## [WHAT IS EXPECTED]
Line by line, restate the material word for word, omitting any image.

## [INFORMATION PROVIDED]

Content starts

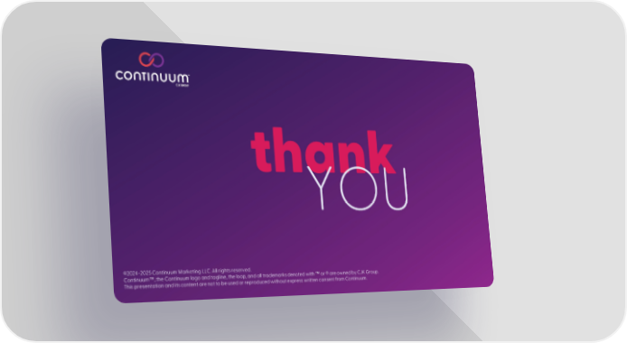 thank YOU ©2024-2025 Continuum Marketing LLC. All rights reserved. Continuum , the Continuum logoand tagline, the loop, and all trademarks denoted with or ® are owned by CJK Group. This presentation and its content arenot to be used or reproduced without express written consentfrom Continuum.
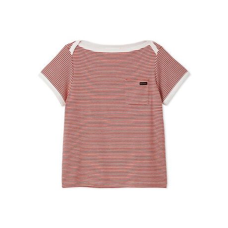 <b>【白の配色ラインを効かせた、レトロでキュートなボーダーTシャツ。着心地よく着映えする、バランスのよいボートネック】</b>
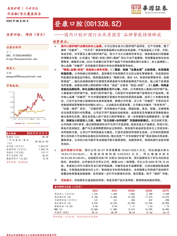 【华源证券】【20250805】登康口腔-国内口腔护理行业优质国货 品牌势能持续释放-15页 证券期货研究报告
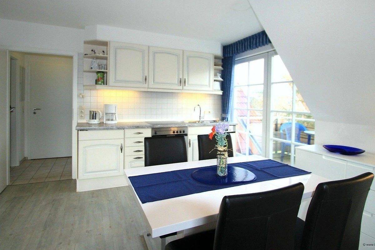 Auf der Wohnebene befindet sich das grosse Wohnzimmer mit offener Küche. Dort können Sie sich bei einem gemütlichen Fernsehabend oder einem ausgiebigen Dinner mit Ihren Lieben entspannen. Auch der Zugang zu den beiden Balkonen ist von diesem Wohnbereich erreichbar. Der Küchenbereich ist top-modern und bietet Selbstversorgern besten Küchenkomfort: Kochutensilien, Spülmaschine und vieles mehr stehen dort für Sie bereit.

Content ends

## [SOLUTION]
 thank YOU ©2024-2025 Continuum Marketing LLC. All rights reserved. Continuum , the Continuum logoand tagline, the loop, and all trademarks denoted with or ® are owned by CJK Group. This presentation and its content arenot to be used or reproduced without express written consentfrom Continuum.
 <b>【白の配色ラインを効かせた、レトロでキュートなボーダーTシャツ。着心地よく着映えする、バランスのよいボートネック】</b>
 【华源证券】【20250805】登康口腔-国内口腔护理行业优质国货 品牌势能持续释放-15页 证券期货研究报告
 Auf der Wohnebene befindet sich das grosse Wohnzimmer mit offener Küche. Dort können Sie sich bei einem gemütlichen Fernsehabend oder einem ausgiebigen Dinner mit Ihren Lieben entspannen. Auch der Zugang zu den beiden Balkonen ist von diesem Wohnbereich erreichbar. Der Küchenbereich ist top-modern und bietet Selbstversorgern besten Küchenkomfort: Kochutensilien, Spülmaschine und vieles mehr stehen dort für Sie bereit.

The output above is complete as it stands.